→ **WORK REQUIRED**: Give again, character for character, the lines that lie between the first line of the material and the line with "Manaus celebrou o", inclusive. Omit pictures.
(Beginning of DATA PROVIDED)
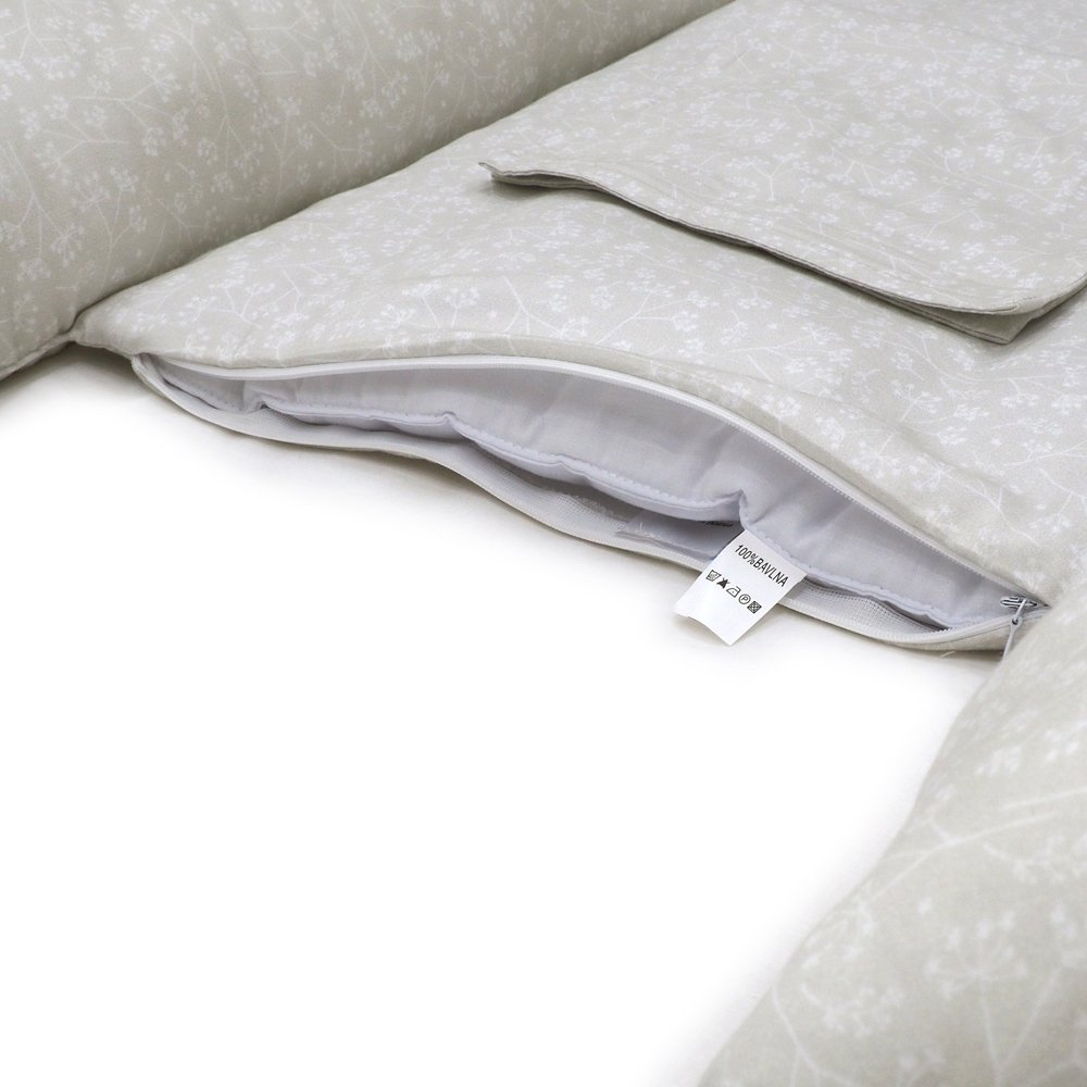 Hniezdo je možné používať obojstranne. Má praktickú šnúrku po obvode, ktorou je možné si jeho veľkosť upraviť podľa potreby. Aby sme docielili ešte väčšiu bezpečnosť, zaväzovanie je prekryté pásom na suchý zips, ktorý zároveň pomáha ešte lepšie držať tvar hniezda. Jeho ložná plocha je odzipsovateľnávnútorná výplň je vyberateľná, čo je z praktického hľadiska veľká výhoda. Umožňuje tým totiž oveľa ľahšiu manipuláciu pri jeho údržbe. Obvodový pás je vyplnený certifikovaným guľôčkovým dutým vláknom a vyberateľná výplň ložnej plochy je vyrobená zo 100% bavlny a dutého vlákna hrúbky 2cm.
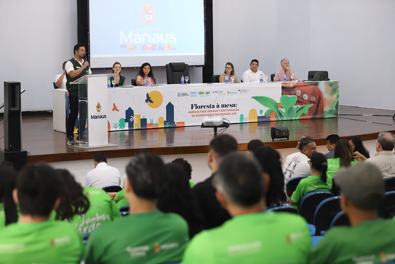 Manaus celebrou o Dia Mundial do Meio Ambiente, nesta quarta-feira, 5/6, com o evento “Floresta à Mesa: agricultura urbana e restauração de ecossistemas em Manaus”, que reuniu representantes do poder público, sociedade civil e instituições nacionais e internacionais no auditório da Prefeitura de Manaus, firmando o compromisso do município no desenvolvimento de um amplo programa de hortas urbanas e periurbanas. Esta é mais uma das iniciativas da gestão, que tem como foco a melhoria da qualidade de vida da população, a redução das ilhas de calor e o incentivo ao desenvolvimento de uma alimentação natural e de qualidade.
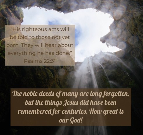 The noble deeds of many are long forgotten, but the things Jesus did have been remembered for centuries. Why? Because his efforts were not to bring a better name to himself, they were to better the lives of mankind. 100 years from now people won’t remember how many toys you had or how many likes you had on some social media post. What they may remember, however, is how you made life better for others.
(End of DATA PROVIDED)
→ **RESPONSE TO THE TASK**:
 Hniezdo je možné používať obojstranne. Má praktickú šnúrku po obvode, ktorou je možné si jeho veľkosť upraviť podľa potreby. Aby sme docielili ešte väčšiu bezpečnosť, zaväzovanie je prekryté pásom na suchý zips, ktorý zároveň pomáha ešte lepšie držať tvar hniezda. Jeho ložná plocha je odzipsovateľnávnútorná výplň je vyberateľná, čo je z praktického hľadiska veľká výhoda. Umožňuje tým totiž oveľa ľahšiu manipuláciu pri jeho údržbe. Obvodový pás je vyplnený certifikovaným guľôčkovým dutým vláknom a vyberateľná výplň ložnej plochy je vyrobená zo 100% bavlny a dutého vlákna hrúbky 2cm.
 Manaus celebrou o Dia Mundial do Meio Ambiente, nesta quarta-feira, 5/6, com o evento “Floresta à Mesa: agricultura urbana e restauração de ecossistemas em Manaus”, que reuniu representantes do poder público, sociedade civil e instituições nacionais e internacionais no auditório da Prefeitura de Manaus, firmando o compromisso do município no desenvolvimento de um amplo programa de hortas urbanas e periurbanas. Esta é mais uma das iniciativas da gestão, que tem como foco a melhoria da qualidade de vida da população, a redução das ilhas de calor e o incentivo ao desenvolvimento de uma alimentação natural e de qualidade.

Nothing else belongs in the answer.